→ Supplied entries:
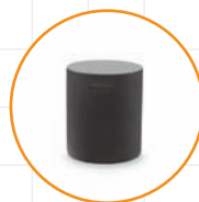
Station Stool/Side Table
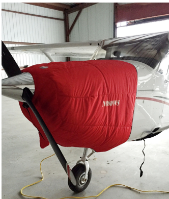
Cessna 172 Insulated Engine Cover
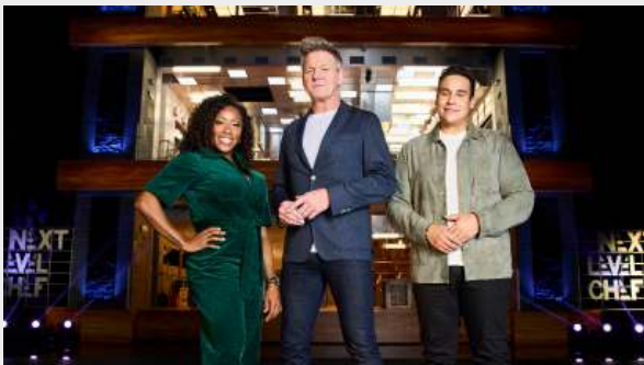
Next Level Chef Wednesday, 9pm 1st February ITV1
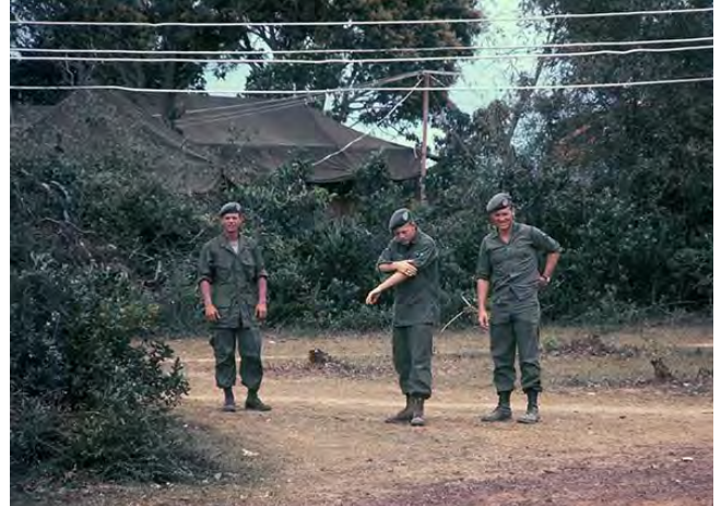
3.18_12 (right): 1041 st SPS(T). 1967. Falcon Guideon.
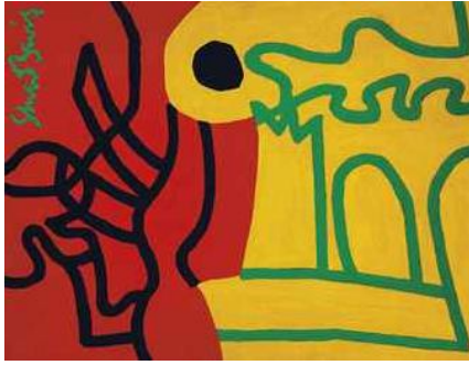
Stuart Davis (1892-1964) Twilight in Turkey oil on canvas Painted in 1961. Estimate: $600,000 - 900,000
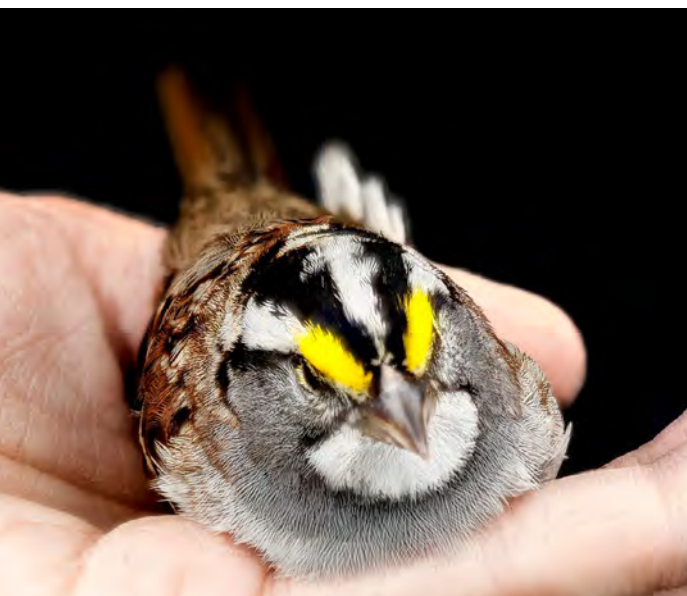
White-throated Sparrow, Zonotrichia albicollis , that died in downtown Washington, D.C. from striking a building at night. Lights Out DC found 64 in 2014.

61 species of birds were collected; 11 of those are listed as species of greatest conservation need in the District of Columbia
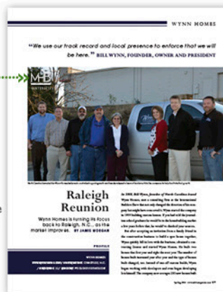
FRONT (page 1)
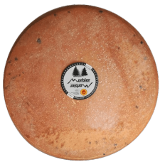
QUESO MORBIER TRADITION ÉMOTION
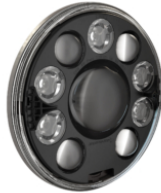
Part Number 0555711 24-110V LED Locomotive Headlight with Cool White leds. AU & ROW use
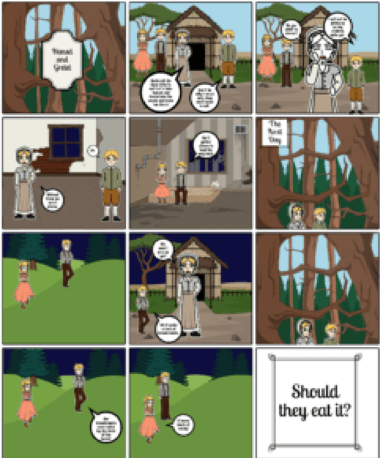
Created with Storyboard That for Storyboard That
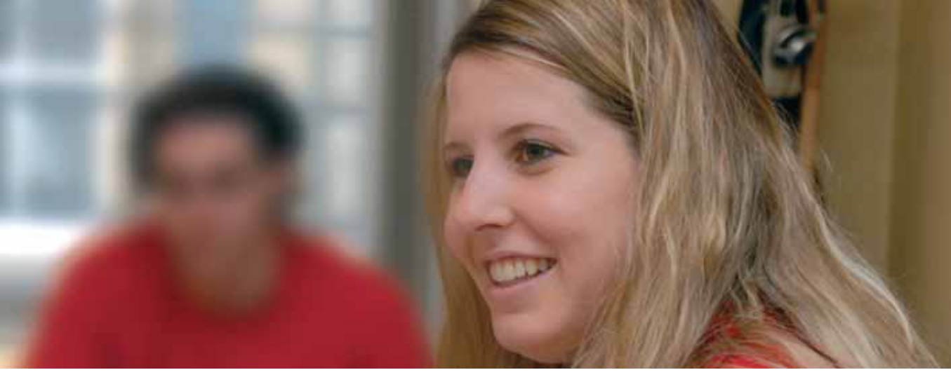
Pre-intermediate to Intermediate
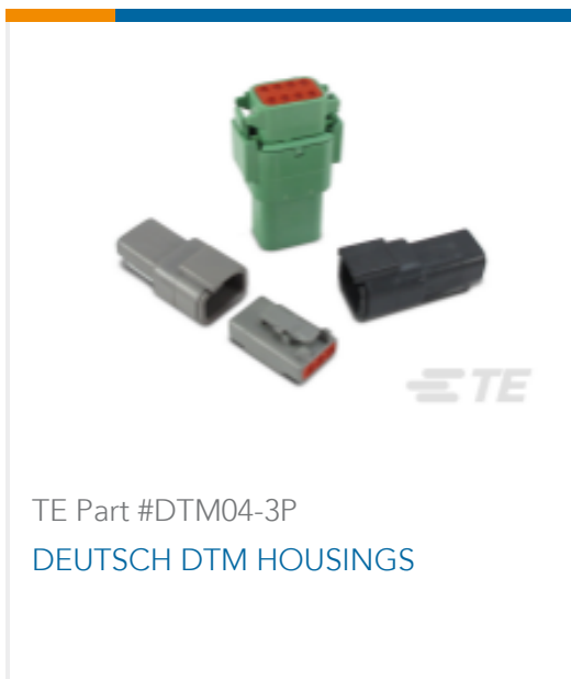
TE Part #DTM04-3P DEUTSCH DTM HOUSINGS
==
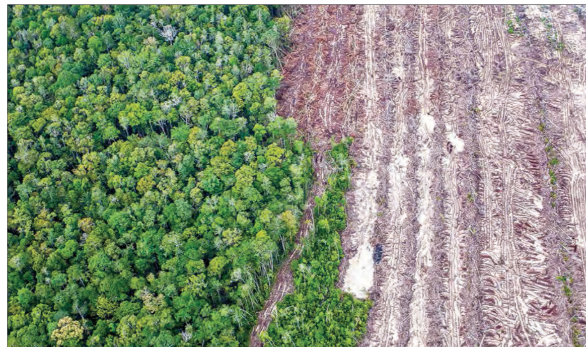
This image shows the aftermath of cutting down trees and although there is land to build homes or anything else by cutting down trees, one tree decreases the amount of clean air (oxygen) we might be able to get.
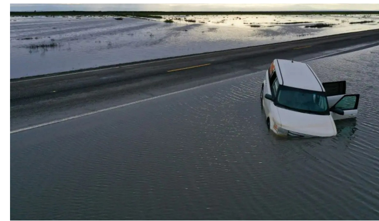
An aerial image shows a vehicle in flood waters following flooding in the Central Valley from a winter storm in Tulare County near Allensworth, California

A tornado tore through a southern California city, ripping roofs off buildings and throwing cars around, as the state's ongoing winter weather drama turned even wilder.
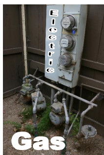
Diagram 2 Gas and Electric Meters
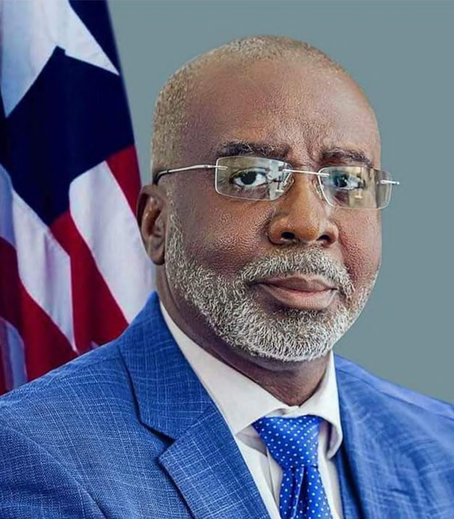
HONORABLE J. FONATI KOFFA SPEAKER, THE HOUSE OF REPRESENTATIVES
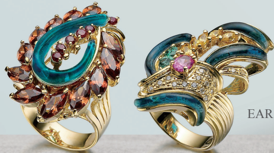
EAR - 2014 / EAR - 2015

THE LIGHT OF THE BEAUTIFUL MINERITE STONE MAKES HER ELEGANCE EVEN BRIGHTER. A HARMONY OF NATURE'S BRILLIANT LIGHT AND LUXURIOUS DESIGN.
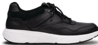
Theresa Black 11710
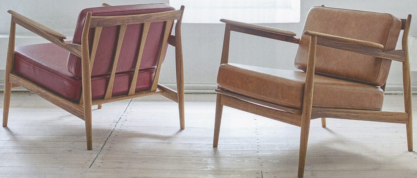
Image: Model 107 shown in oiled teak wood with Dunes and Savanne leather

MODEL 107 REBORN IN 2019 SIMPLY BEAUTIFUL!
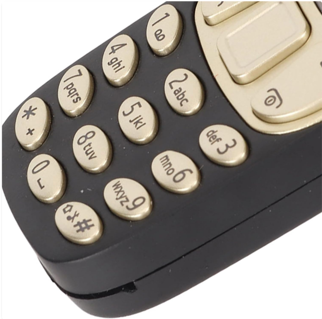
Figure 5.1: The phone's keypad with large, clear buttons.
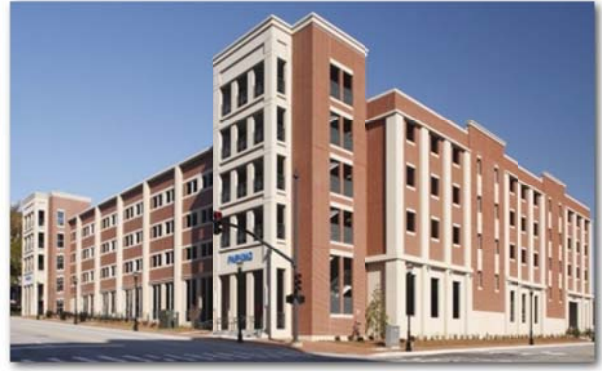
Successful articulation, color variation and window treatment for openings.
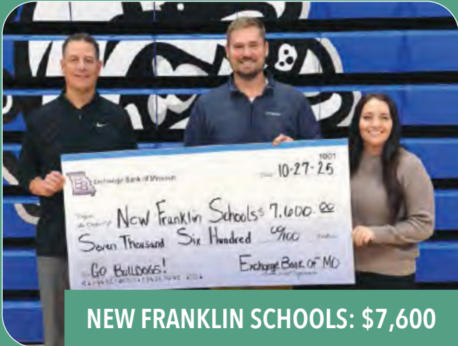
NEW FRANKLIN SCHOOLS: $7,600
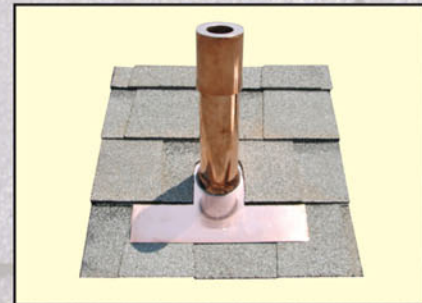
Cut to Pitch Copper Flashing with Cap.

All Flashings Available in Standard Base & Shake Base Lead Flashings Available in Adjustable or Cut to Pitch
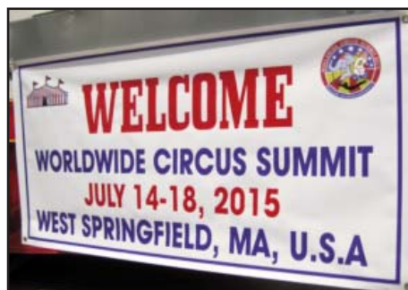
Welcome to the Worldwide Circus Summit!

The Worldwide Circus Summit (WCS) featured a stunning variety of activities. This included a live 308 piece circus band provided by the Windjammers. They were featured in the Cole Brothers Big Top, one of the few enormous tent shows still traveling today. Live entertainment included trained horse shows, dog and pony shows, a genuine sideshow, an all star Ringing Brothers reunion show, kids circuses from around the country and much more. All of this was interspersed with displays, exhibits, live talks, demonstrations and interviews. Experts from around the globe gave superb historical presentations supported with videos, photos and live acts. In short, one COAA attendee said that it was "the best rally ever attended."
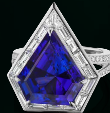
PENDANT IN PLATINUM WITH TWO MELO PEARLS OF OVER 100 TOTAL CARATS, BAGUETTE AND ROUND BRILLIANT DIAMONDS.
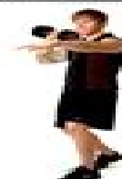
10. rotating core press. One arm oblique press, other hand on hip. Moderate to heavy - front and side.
--
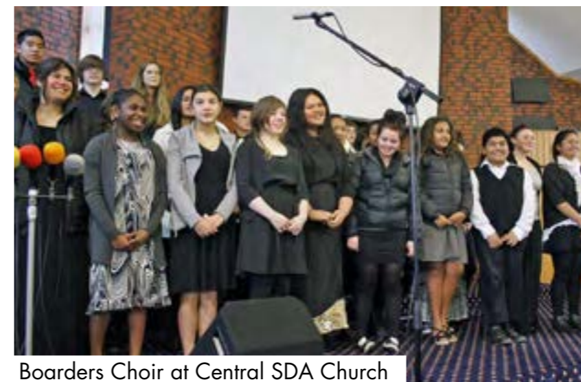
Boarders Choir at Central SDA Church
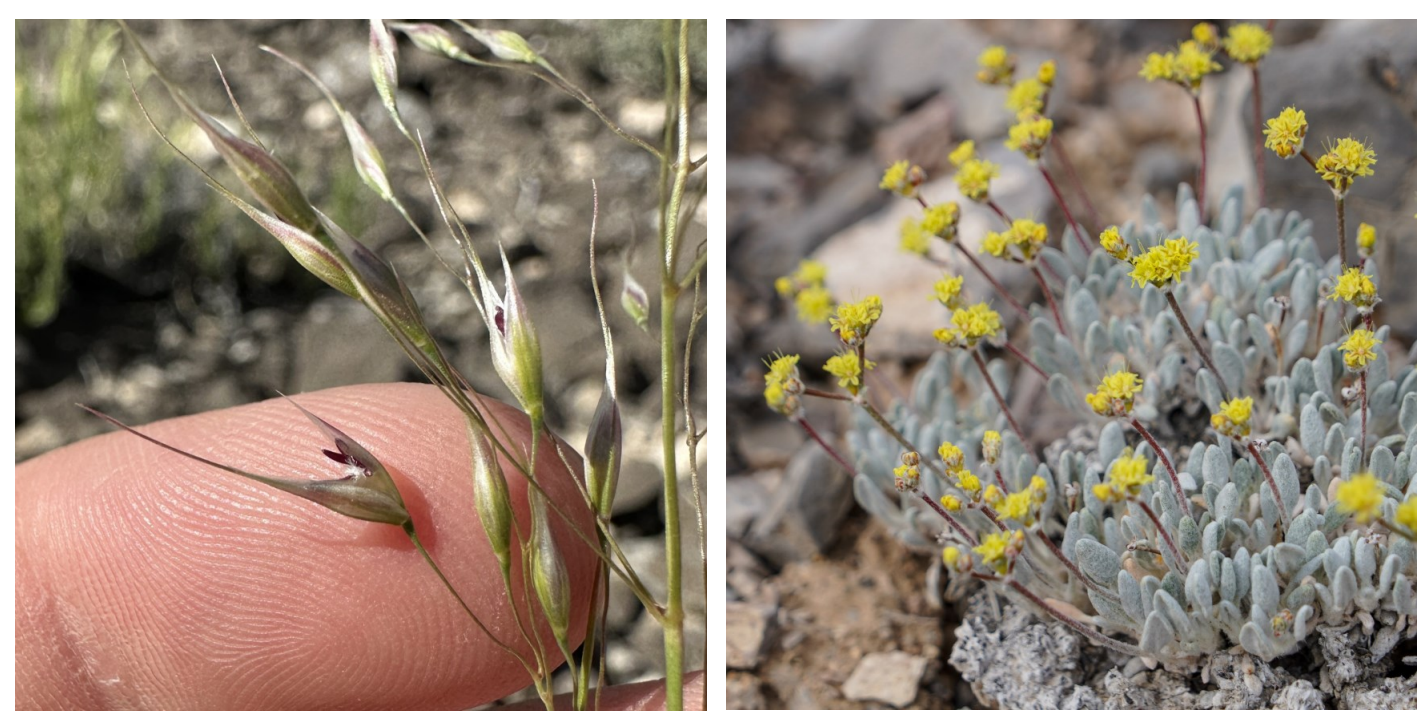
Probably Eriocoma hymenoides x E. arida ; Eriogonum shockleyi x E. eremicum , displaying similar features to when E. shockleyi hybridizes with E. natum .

→ Exercise directions: Reproduce the listing above exactly from the line containing "Cessna 172 Insulated Engine Cover" up to and including the line containing "TE Part #DTM04-3P DEUTSCH DTM HOUSINGS", omitting any images and everything outside those lines.

→ Exercise answer:
Cessna 172 Insulated Engine Cover
Next Level Chef Wednesday, 9pm 1st February ITV1
3.18_12 (right): 1041 st SPS(T). 1967. Falcon Guideon.
Stuart Davis (1892-1964) Twilight in Turkey oil on canvas Painted in 1961. Estimate: $600,000 - 900,000
White-throated Sparrow, Zonotrichia albicollis , that died in downtown Washington, D.C. from striking a building at night. Lights Out DC found 64 in 2014.

61 species of birds were collected; 11 of those are listed as species of greatest conservation need in the District of Columbia
FRONT (page 1)
QUESO MORBIER TRADITION ÉMOTION
Part Number 0555711 24-110V LED Locomotive Headlight with Cool White leds. AU & ROW use
Created with Storyboard That for Storyboard That
Pre-intermediate to Intermediate
TE Part #DTM04-3P DEUTSCH DTM HOUSINGS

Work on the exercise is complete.